Toilet paper is an essential household product that most of us use multiple times a day without much thought. However, not all toilet paper is created equal. The texture, strength, absorbency, environmental impact, and price can vary widely between different types of toilet paper. Two of the oldest and most well-known varieties of premium toilet paper are bone and linen. Both American Standard Bone and Linen toilet papers have luxurious reputations and historical pedigrees, but they have distinct compositions and characteristics.

In this article, we will dive into the key differences between bone and linen toilet paper to help you determine which is better suited for your household. We will explore the manufacturing process, components, pros and cons, and typical pricing for each type. We’ll also directly compare them on important factors like texture, absorbency, strength, and environmental friendliness. By the end, you’ll have a clear sense of which variety offers the right blend of qualities for your needs and preferences.
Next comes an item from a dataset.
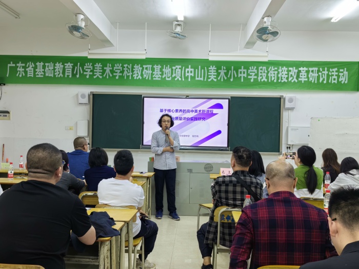 2023年4月27日,在中山市实验中学举办了广东省基础教育小学美术学科教研基地项目(中山)美术小中学段衔接改革研讨活动,我市各普通高中美术教师、基地成员和基地主持人沈文老师出席了活动,中山市美术兼职教研员胡万鸣老师主持了此次活动。

Here is an in-depth comparison table contrasting American Standard Bone and Linen toilet paper:

FeatureBone Toilet PaperLinen Toilet Paper
Main Composition40% cattle bone fragments, 60% cotton linters90% flax plant fibers, 10% cotton linters
TextureSmooth, rigid, and papery. Does not pill or lint.Soft, cushy, and delicate. Can occasionally pill.
AbsorbencyLow absorbency. Feels dry to the touch.Highly absorbent and porous. Can fall apart when very wet.
StrengthExtremely durable when wet. Resists tearing or shredding.Strong when dry but lacks wet strength. Can disintegrate when damp.
Environmental ImpactRelies on cattle industry byproducts. Higher waste production.Made from renewable flax plants. Lower ecological footprint.
Septic/Plumbing SafetyNot recommended for septic systems. Bone fragments take long to decompose.Septic safe. Breaks down rapidly when wet. Won’t clog pipes.
AppearanceCrisp, elegant, industrial aesthetic.Soft, upscale delicate aesthetic. Tan/beige color.
PriceAround $1-2 per regular roll. Very expensive.Similarly priced to bone toilet paper, $1-2 per standard roll.
Key BenefitsStrength and longevity. Decorative appearance.Softness, absorbency, sustainability. Gentle on skin.
Best UsesHouseholds with no septic system. Formal, elegant decor.Eco-friendly homes. Gentle for kids/elderly.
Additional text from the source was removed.